In response, online activists organized a gathering at the capital’s Shahbagh Square. What they initially hoped would draw between 400 and 500 people has since swelled to over 100,000, with some estimates placing the number far higher. The protests continue to swell, in the capital and other major cities, despite the threat of violence and intimidation. And, grim effigies notwithstanding, they have taken on a carnival-like atmosphere: floats and drum circles, ice cream vendors and free food are on hand for the mix of students, teachers, café owners and rickshaw pullers who say they have come together to right a historic wrong.

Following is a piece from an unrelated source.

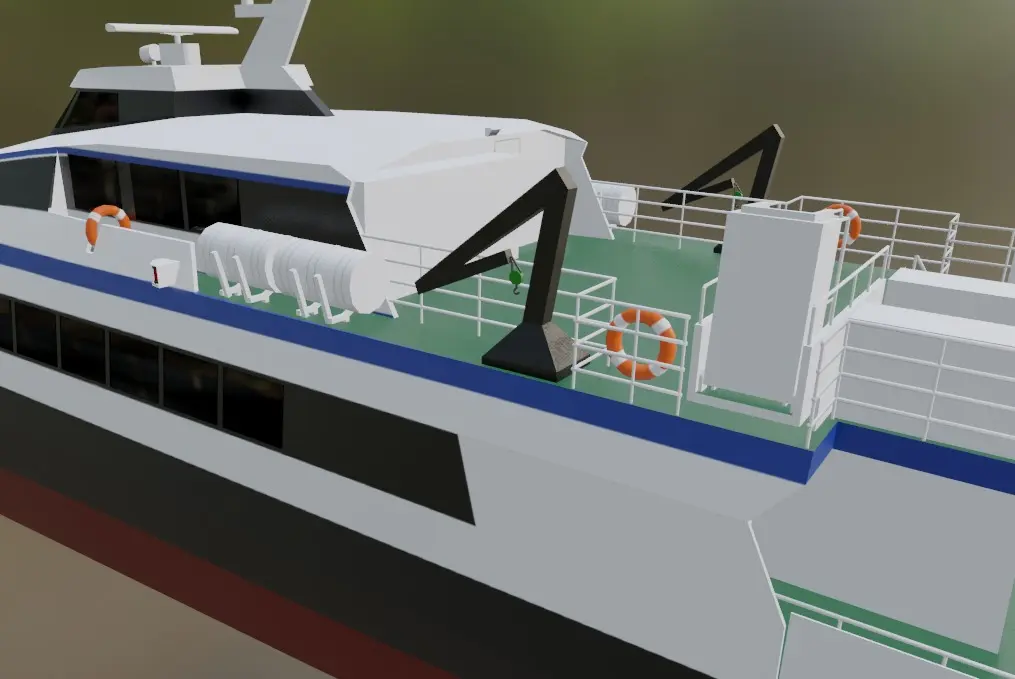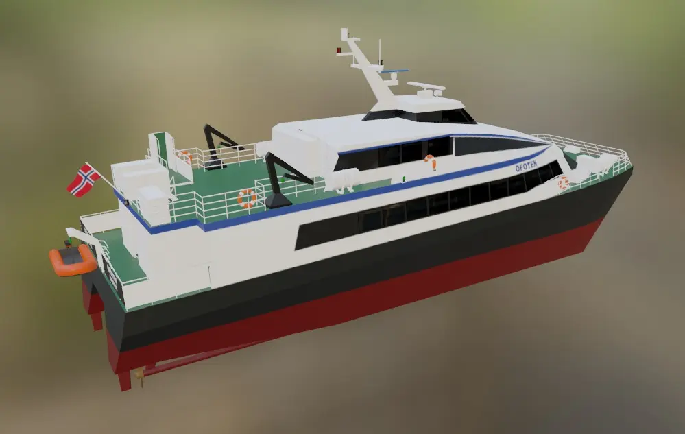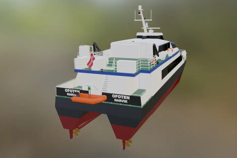 Norwegian Passenger Catamaran MS Ofoten in two different colours, blue as when operated by Torghatten AS and red as when operated by Ofotens Dampskibsselskab ASA.

“We fought and died for liberation, but the people have not seen the benefits,” says Shiraz ul-Islam, 76, a war veteran who bore shrapnel scars on his shins and wrist and a bullet graze across his forehead. He first heard about the protests while in the hospital recovering from surgery and says he was restless to “help support the youth who want to finish the revolution that we started.” On his seventh day out, ul-Islam was accompanied by three of his daughters and his 12-year-old granddaughter as fresh crowds poured into the square waving banners and flags calling for Mullah’s execution.

The movement appears to have doubled down since the killing of one of its own. Late last Friday, Ahmed Rajib Haider, an outspoken blogger and co-organizer, was stabbed to death by unknown assailants. Activists blame members of JI’s youth wing, which has been involved in sporadic street attacks since the protests began. (JI officials reject the charge.) In the aftermath, Prime Minister Sheik Hasina vowed she would not rest until the party is banned and moved quickly to do so. Over the weekend, the government passed an amendment allowing a tribunal to punish any organization whose members committed crimes during the country’s fight for independence. Another gave prosecutors the right to appeal any of the panels’ verdicts, effectively laying the groundwork for a ban.

(MORE: Forty Years After Its Bloody Independence, Bangladesh Looks to Its Past to Redeem Its Future)

In a statement published on the JI’s website, acting general secretary Rafiqul Islam Khan asserted that the moves were part of a “plot to push the country into severe anarchy” by an Awami League–led government bent on “political revenge.” It could take weeks until Mullah goes back to court, but his lawyer Abdur Razzaq contends that under this kind of pressurized climate, any chance of a fair hearing is precluded. What’s more, he warns, the lack of “political space” for JI and its faithful is likely to cause more trouble in the weeks ahead.

Having already defied JI calls for a nationwide strike and the death of a comrade, the Shahbagh protesters insist they are undeterred. “Since killing, we have taken an oath not to leave until we have true justice,” says Mamudul Haque Munshi, 28, a protest organizer with the Blogger and Online Activist Network. “We can change the political equation here.” For his part, Khalidi, the editor, hedges that it’s too early to make facile conclusions of a paradigm shift in the national politics, given the deep-seated corruption and powerful players. But, like many of his generation, he does not want to underestimate the youths now filling the streets either. “They are capable,” says the former activist. “Let’s wait and see.”